# Entries shown
▼

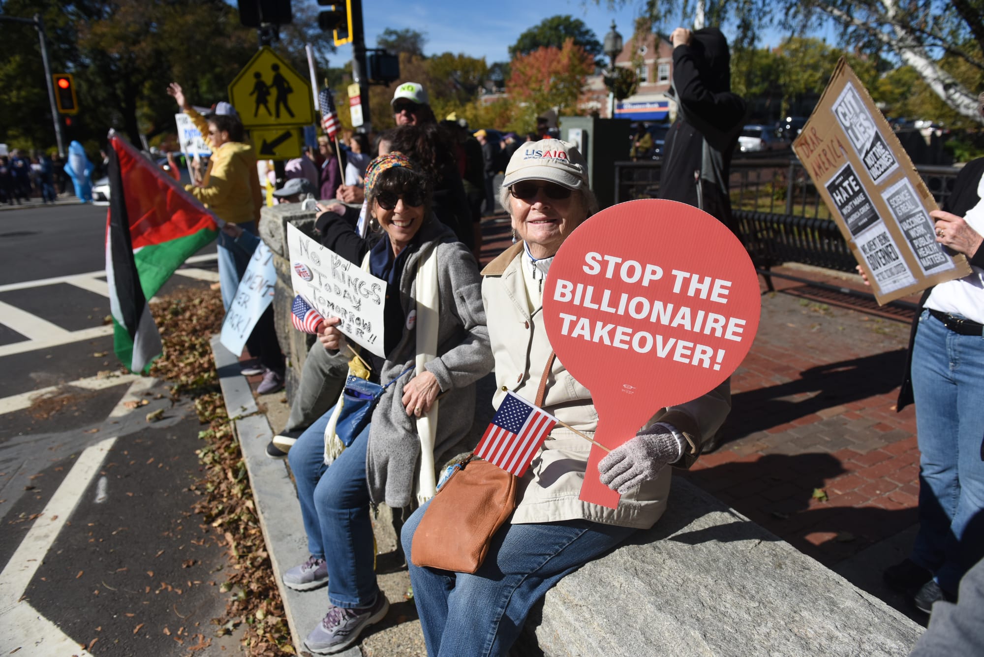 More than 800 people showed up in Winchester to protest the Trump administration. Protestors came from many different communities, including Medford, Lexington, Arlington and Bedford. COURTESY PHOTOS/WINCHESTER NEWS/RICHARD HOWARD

▲
▼

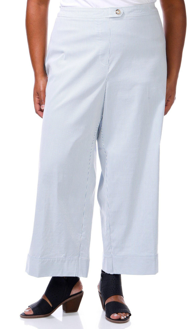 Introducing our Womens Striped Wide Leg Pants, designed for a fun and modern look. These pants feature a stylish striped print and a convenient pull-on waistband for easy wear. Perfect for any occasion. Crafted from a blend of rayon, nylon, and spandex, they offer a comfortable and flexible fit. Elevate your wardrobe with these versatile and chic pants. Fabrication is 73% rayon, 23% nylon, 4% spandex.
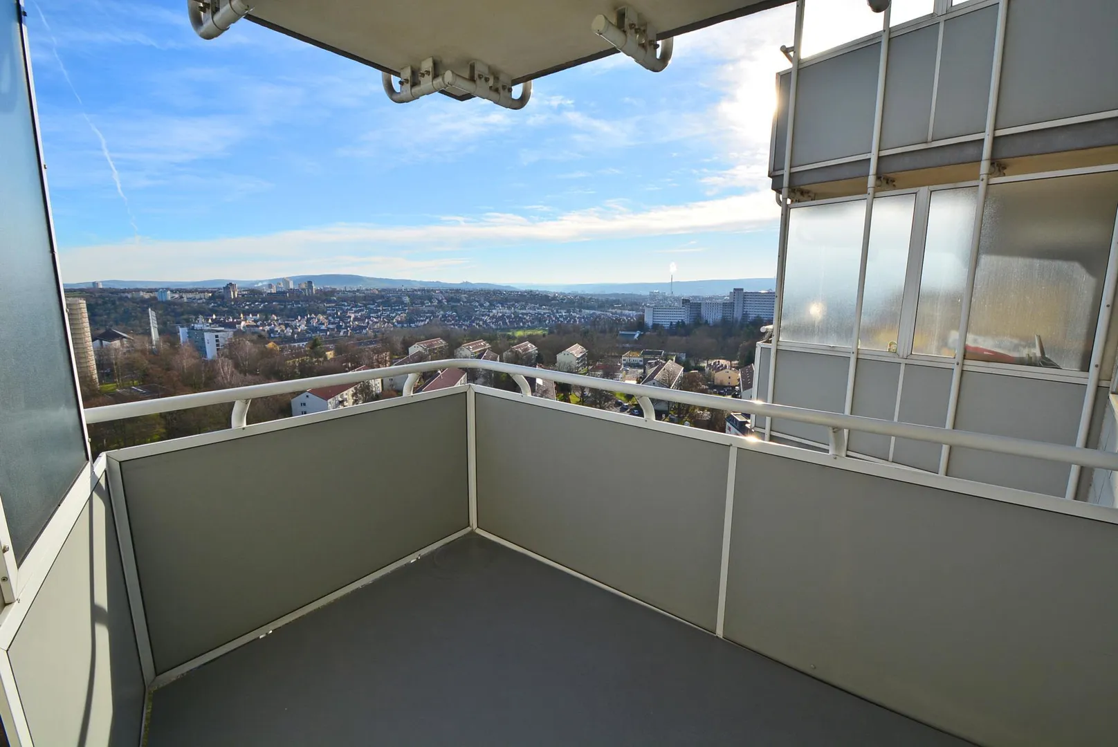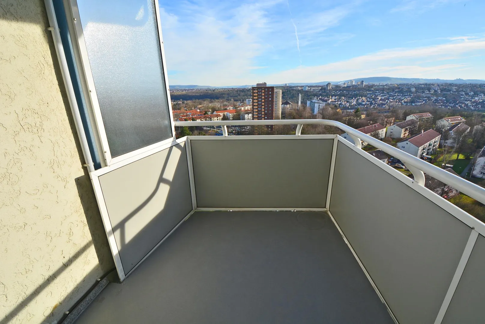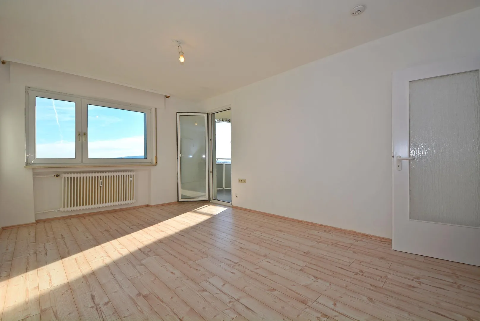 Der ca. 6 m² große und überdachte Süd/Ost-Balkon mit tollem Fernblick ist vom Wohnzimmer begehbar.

▲

# Task brief
Only the lines above starting with the line with "Introducing our Womens" and going on through the line with "Der ca. 6 m²" belong in the answer; repeat them exactly, minus any picture.

# Answer space
 Introducing our Womens Striped Wide Leg Pants, designed for a fun and modern look. These pants feature a stylish striped print and a convenient pull-on waistband for easy wear. Perfect for any occasion. Crafted from a blend of rayon, nylon, and spandex, they offer a comfortable and flexible fit. Elevate your wardrobe with these versatile and chic pants. Fabrication is 73% rayon, 23% nylon, 4% spandex.
 Der ca. 6 m² große und überdachte Süd/Ost-Balkon mit tollem Fernblick ist vom Wohnzimmer begehbar.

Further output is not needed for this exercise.